_Information provided_

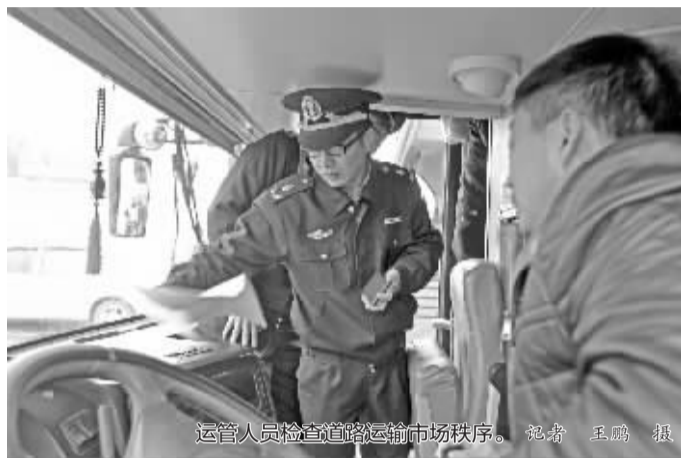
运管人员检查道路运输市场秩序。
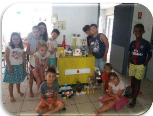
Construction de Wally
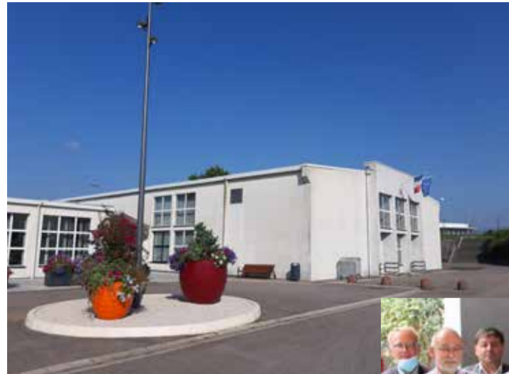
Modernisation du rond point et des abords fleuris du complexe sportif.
* * *
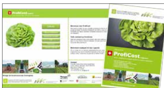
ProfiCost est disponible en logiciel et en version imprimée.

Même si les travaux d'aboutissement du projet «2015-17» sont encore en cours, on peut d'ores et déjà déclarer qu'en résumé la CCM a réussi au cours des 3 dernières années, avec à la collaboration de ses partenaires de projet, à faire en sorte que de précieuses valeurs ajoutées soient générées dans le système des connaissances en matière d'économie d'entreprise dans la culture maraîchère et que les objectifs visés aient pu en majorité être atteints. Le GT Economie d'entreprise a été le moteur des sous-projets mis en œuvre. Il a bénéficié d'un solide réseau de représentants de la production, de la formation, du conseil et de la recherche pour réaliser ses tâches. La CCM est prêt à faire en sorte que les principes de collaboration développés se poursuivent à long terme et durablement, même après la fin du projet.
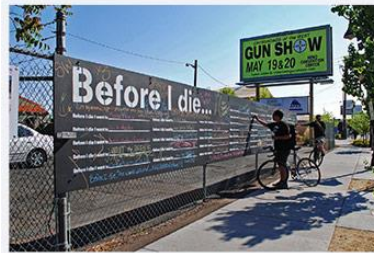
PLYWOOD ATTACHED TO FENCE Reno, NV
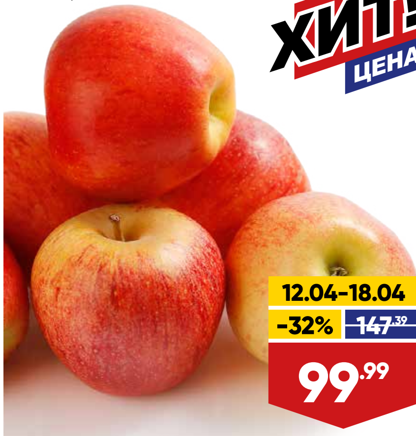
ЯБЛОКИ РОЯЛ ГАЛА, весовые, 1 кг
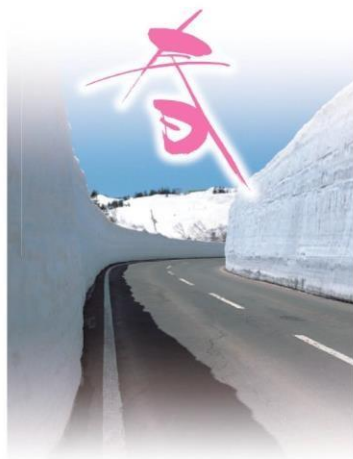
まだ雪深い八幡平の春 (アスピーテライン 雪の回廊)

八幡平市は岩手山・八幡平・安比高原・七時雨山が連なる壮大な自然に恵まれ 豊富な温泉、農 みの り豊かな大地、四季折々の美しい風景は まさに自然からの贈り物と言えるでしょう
==
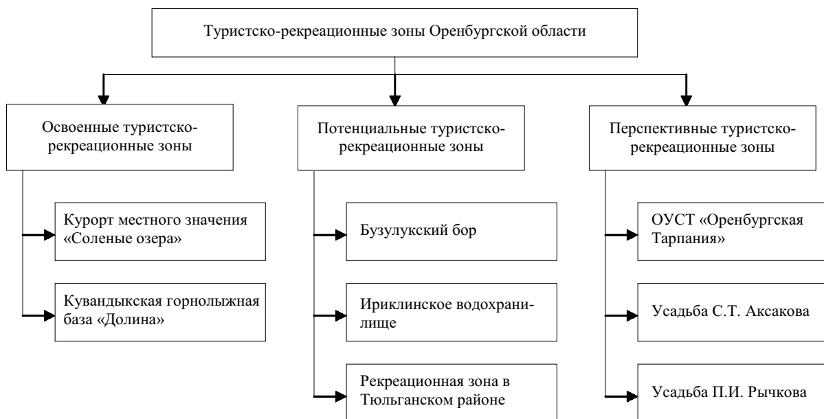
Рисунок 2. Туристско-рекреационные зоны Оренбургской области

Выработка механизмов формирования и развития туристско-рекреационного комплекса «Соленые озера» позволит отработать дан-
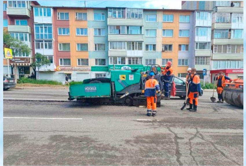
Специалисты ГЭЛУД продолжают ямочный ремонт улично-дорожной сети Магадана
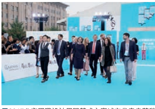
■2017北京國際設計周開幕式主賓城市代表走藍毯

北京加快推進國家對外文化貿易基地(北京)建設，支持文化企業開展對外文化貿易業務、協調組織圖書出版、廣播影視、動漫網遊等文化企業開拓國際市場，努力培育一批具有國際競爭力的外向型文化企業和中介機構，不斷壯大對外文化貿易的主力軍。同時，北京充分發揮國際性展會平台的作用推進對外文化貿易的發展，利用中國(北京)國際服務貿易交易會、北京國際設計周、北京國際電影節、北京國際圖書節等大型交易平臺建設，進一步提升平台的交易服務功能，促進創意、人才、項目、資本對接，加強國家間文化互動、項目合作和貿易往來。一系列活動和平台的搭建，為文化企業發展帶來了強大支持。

_Your task_
Reproduce word for word, with pictures dropped, only the part of the material above that opens with the line containing "运管人员检查道路运输市场秩序。" and closes with the line containing "Modernisation du rond".

_Answer below_
运管人员检查道路运输市场秩序。
Construction de Wally
Modernisation du rond point et des abords fleuris du complexe sportif.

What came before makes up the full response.